‘The Grudge’ wanders, has no mind of its own
Up to about the midway point “The Grudge” is a pretty creepy thriller. It invokes more than its fair share of screams and jitter-jumps, and the Japanese setting provides an intriguing backdrop. But the film fools you into thinking that its scare tactics will lead somewhere (they don’t) and that eventually a character with some measure of intelligence will surface (wrong again). Disclosing much about the movie will no doubt negate the element of surprise — so stop reading if you don’t want to be talked out of seeing “The Grudge,” otherwise you’ll hold one against your humble critic for spoiling things.
The film starts out with the apparent suicide of a college professor, the apparent murder of a Japanese welfare agent (Yoko Maki) and the introduction of her replacement Karen (Sarah Michelle Gellar of TV’s “Buffy the Vampire Slayer”), who is living in Japan with her architecture student boyfriend (Jason Behr of “Roswell”).
We think Karen is going to get to the bottom of things when she starts hearing and seeing the creepy goings on at the home of her client (Grace Zabriskie), and a series of flashbacks make connection to a curse on the house and all those who have entered it.
Instead, the tease is on. It quickly becomes clear that Karen’s main purpose is just to act scared. Gellar does this well, but flashbacks serve primarily to disguise the fact that “The Grudge” is merely a series of truncated fright sketches strung together with no real rhyme or reason other than to see how many times it can spook its audience using the same technique over and over.
There is a glimmer of hope when a police detective (Ryo Ishibashi) begins to work on the case because he seems smarter and more rational than everyone else. More tease however, for his demise is as unimaginative and trivial as everyone else’s.
Also disappointing is the fact that director Takashi Shimizu has made an American adaptation of his own original film “Ju-On (The Grudge)” that never infuses a unique Japanese ambience to the proceedings.
Stylistically, “The Grudge” will draw comparisons to last year’s very successful PG-13 rated “The Ring.” Though that film had plenty of flaws of its own, it at least made an attempt at plot development and included an earnest effort by its protagonist to uncover the mystery behind the mayhem.

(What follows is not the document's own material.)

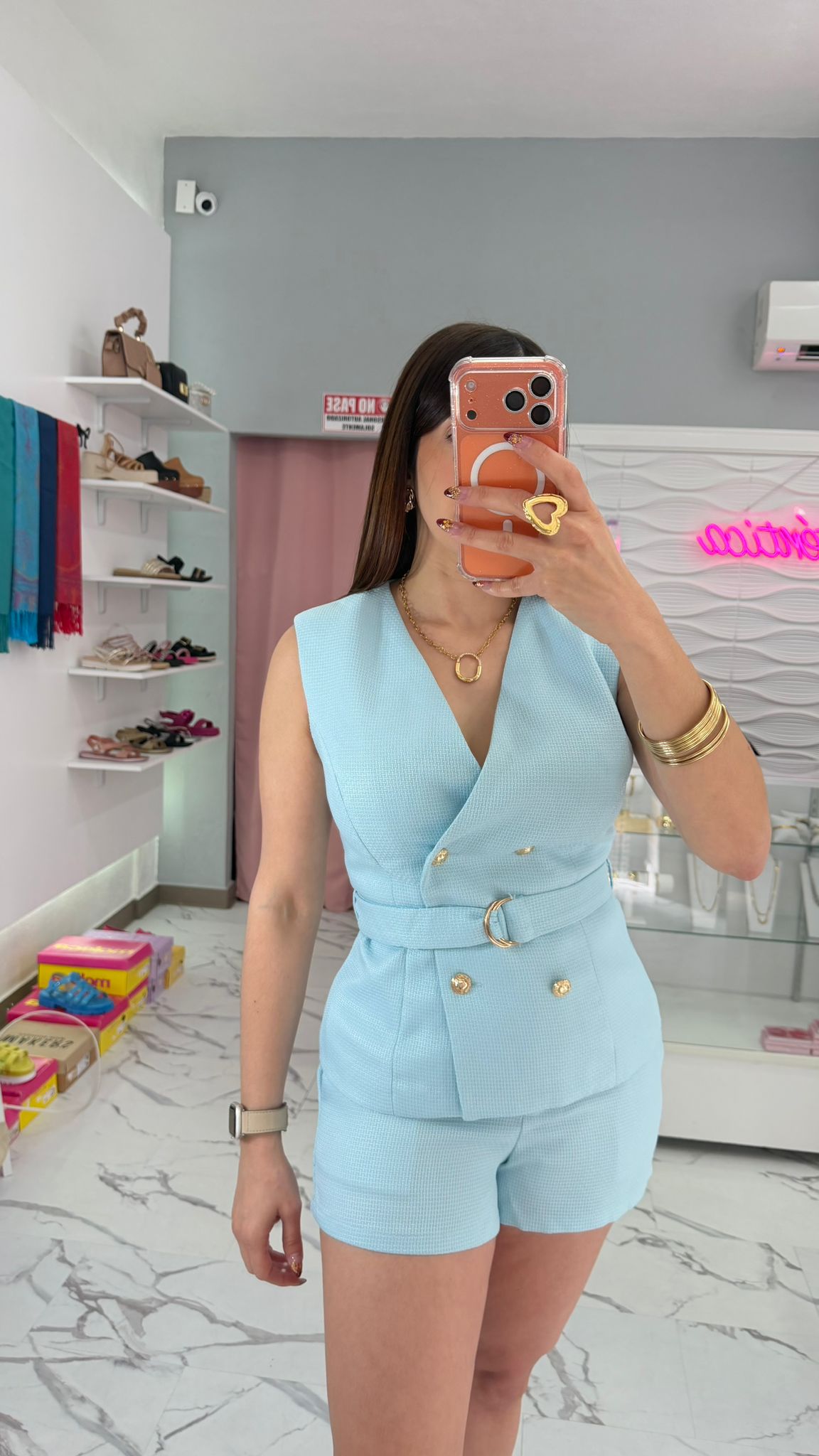 Short tiene elástico en la parte de atrás de la cintura, al frente tenemos botones y zipper. En la blusa los botones son funcionales, incluye el cinturón.

“The Grudge” wants no part of that kind of storytelling. It just wants to lure you up into a dark attic, alone, following the terrifying sounds that will lead you to images that will scare you into a catatonic state. It’s counting on the fact that the less you think the more you’ll fear. Exactly.
Rated PG-13 for mature thematic material, disturbing images/terror/violence, some sensuality.